Ogunquit initially planned on staging the Broadway production, complete with the original costumes and set. Just three months prior to opening the show, the playhouse was informed that would not longer be possible. Everything had been packed up and shipped back to London, where the musical had originated.

Undeterred, the playhouse enlisted Campbell Baird, Dustin Cross and Jack Mehler to quickly design an all-new set, create the costumes and provide lighting design. The final product is well worth the effort.

When seeing this production, it’s hard to believe Pelty only had nine days to teach the 33-member cast the choreography. The complex “Solidarity” and the high-flying ballet sequence after “Merry Christmas Maggie Thatcher” are awe-inspiring.

“Billy Elliot” is set in the northeast of England in the 1980s, during the coal miner strikes. In adapting the production for Ogunquit, McNicholl opted to tone down the politics and soften the profanity, without sacrificing the harsh reality of the period piece.

Dialect coach Lester Thomas Shane has done a superb job helping the cast master the heavy brogue and Baird’s set adds grittiness with blackened buildings and the ever-present mine looming in the distance.

Having been on strike for a year, the miners are barely surviving, which makes their sacrifice to help Billy Elliot achieve his dream to dance ballet immensely touching in the song “He Could Go and He Could Shine.”

The Elliot family has become disconnected after losing mum, played by Elysia Jordan. Armand Schultz, who performed the role on the first national tour, is moving as the overwhelmed dad. And Anthony Festa brings angry passion as the oldest son, Tony.
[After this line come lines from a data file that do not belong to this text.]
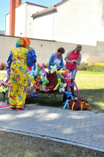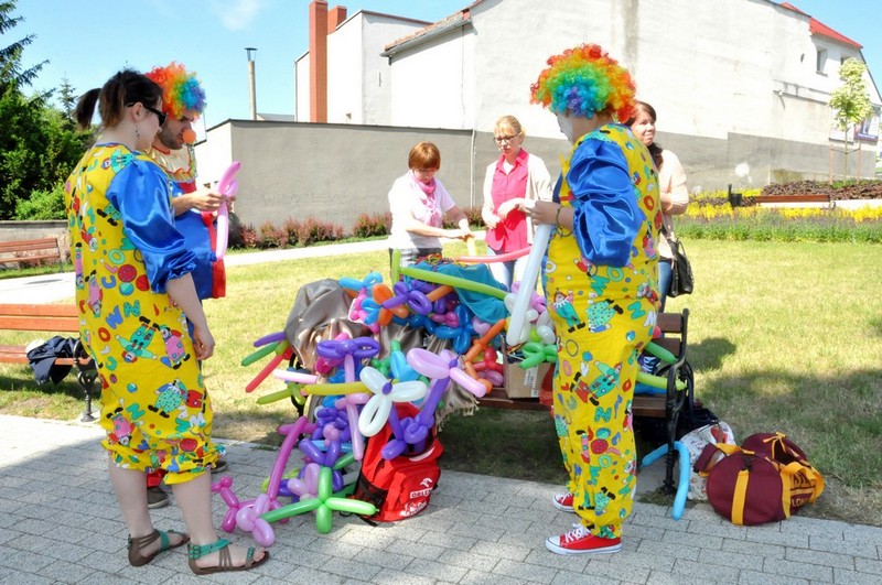 Organizację przedsięwzięcia wspierali m.in. seniorzy skupieni w więcborskim Klubie Seniora. Barwnie przebrani klubowicze rozdawali wodę oraz balonowe kwiatki i pieski wykonane przez pracowników MGOPS w Więcborku.
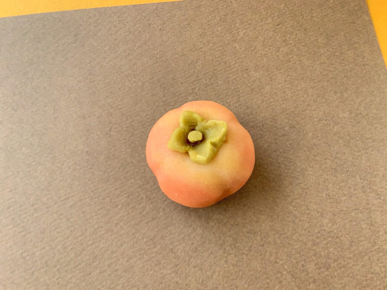 お茶とも縁の深い秋のみのり、柿の実を山の芋をつなぎにした練切でおつくりしました。中は小豆のこし餡です。
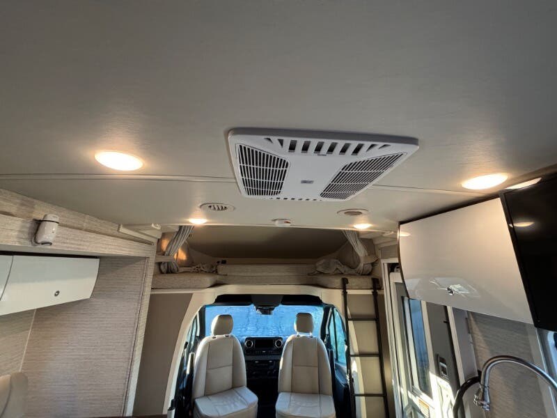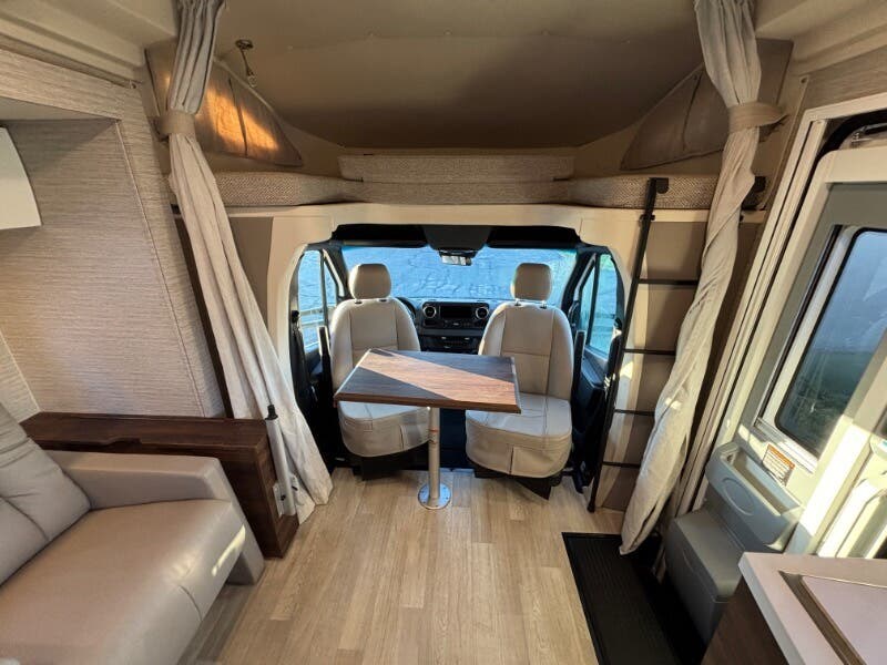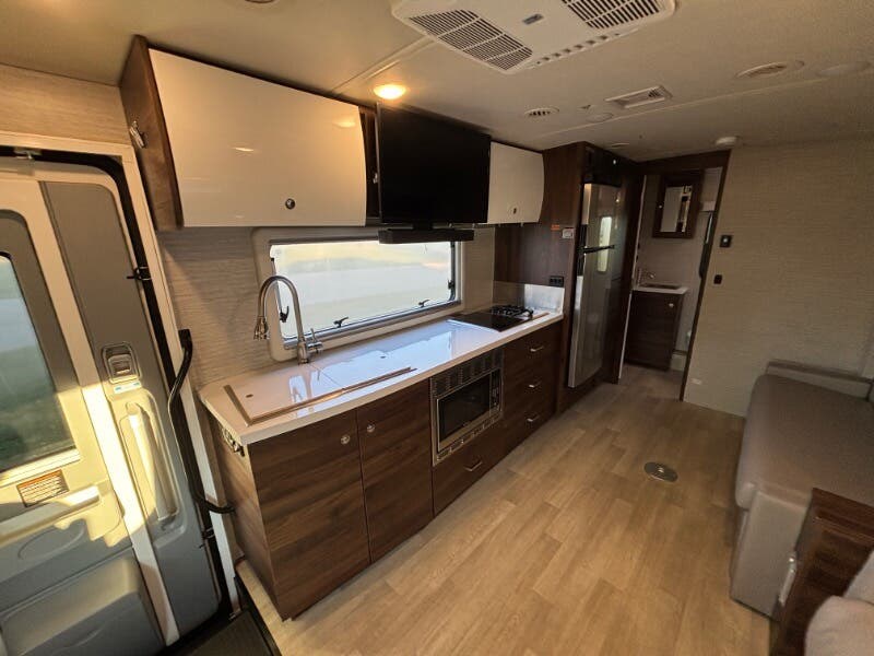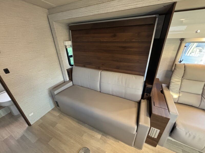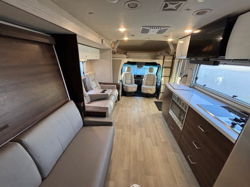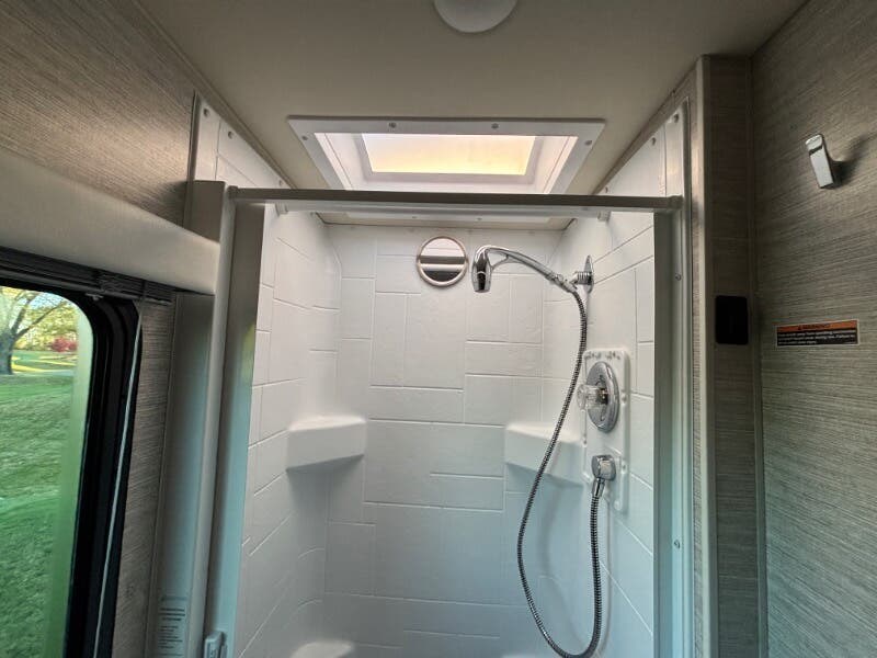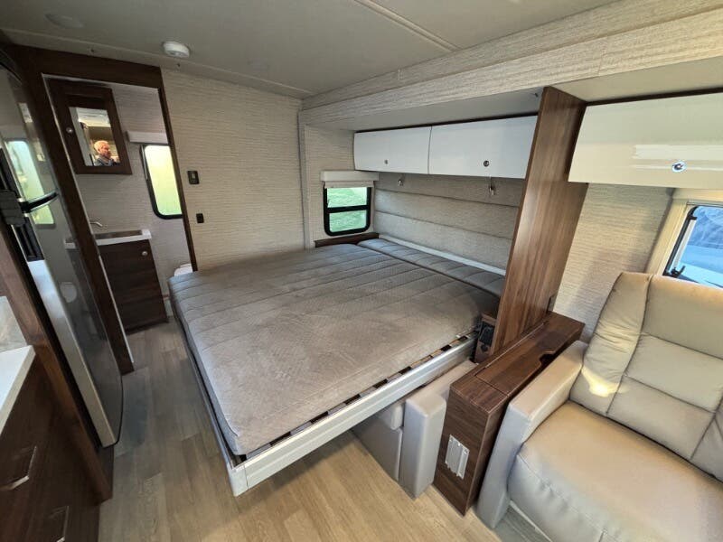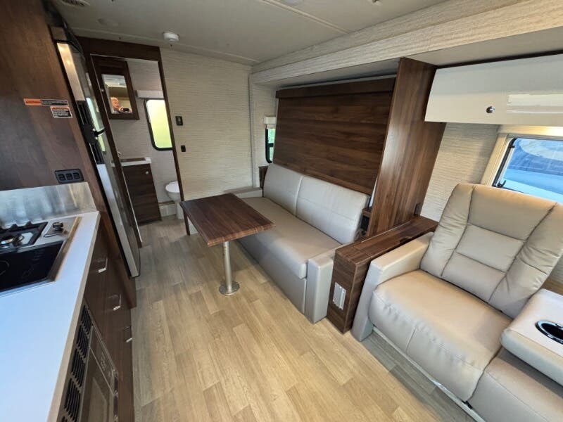 Features Include: 188 HP, 220-Amp Alternator, Attention Assist, Hill Start Assist, Crosswind Assist, Electric Lift, Thermostat, Remote, Swivel, Slide, Recline, Lumbar Support, Color Rear Camera, Navigation, WiFi Hotspot, Tilt Steering Wheel, Power Windows, 12v USB Powerpoints, Climate Control, Automatic Entry Step, Entry Assist Bar, Soft Vinyl Ceiling, Tinted Coach Windows, Pantry (vbm), Laminate Countertops, Two Sink Covers, High Rise Faucet, Antenna Jack, WiFi Hotspot, Entertainment System, Room Divider Curtain, 24-inch LED TV (vbm), Charging Station, Wardrobe Cabinet, Medicine Cabinet, Tissue Holder, Robe Hooks, Shower Skylight, Solar Controller, 30-Amp Service Cord, GFCI, Load Converter Unit, Color-Coded Labels, 10-foot Sewer Hose, Water Heater Bypass, High-Gloss Exterior, Fiberglass Roof, Ladder
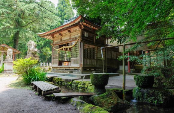 名水が流れる霧嶋神社。毎年、新米仕込みの甘酒で五穀豊穣を祈る「甘酒祭り(別名:かかあ天下祭り)」が行われる

Noah Parets and Sam Faulkner will share the role of Billy Elliot throughout the run at Ogunquit. The matinée performance on June 28th starred Parets. The young actor is a veteran in the role, having performed it on the 2012-2013 national tour. His experience is apparent, whether he is gliding across the stage in sync with his older self, played by the sensational Stephen Hanna, or mixing it up with tap dance numbers. It’s an unbelievable sight to watch Parets and Greg McCormick Allen, as Mr. Braithwaite, tap dance while jumping rope on “Born to Boogie.” And “Expressing Yourself” is a dancing extravaganza, with the delightfully cast Alec Shiman as Billy’s flamboyant friend, Michael.

Anastasia Barzee gives a memorable performance as Billy’s dance teacher, Mrs. Wilkinson. She’s a triple threat, dancing, singing and bringing genuine tough love to the role.

“Billy Elliot” is a poignant, yet hopeful, story about rising above adversity. With a focus on family, it reminds the audience of the life-changing effect a family’s support can have. Ogunquit Playhouse’s rendition skillfully weaves all aspects of Billy’s life into a breathtaking display of song and dance.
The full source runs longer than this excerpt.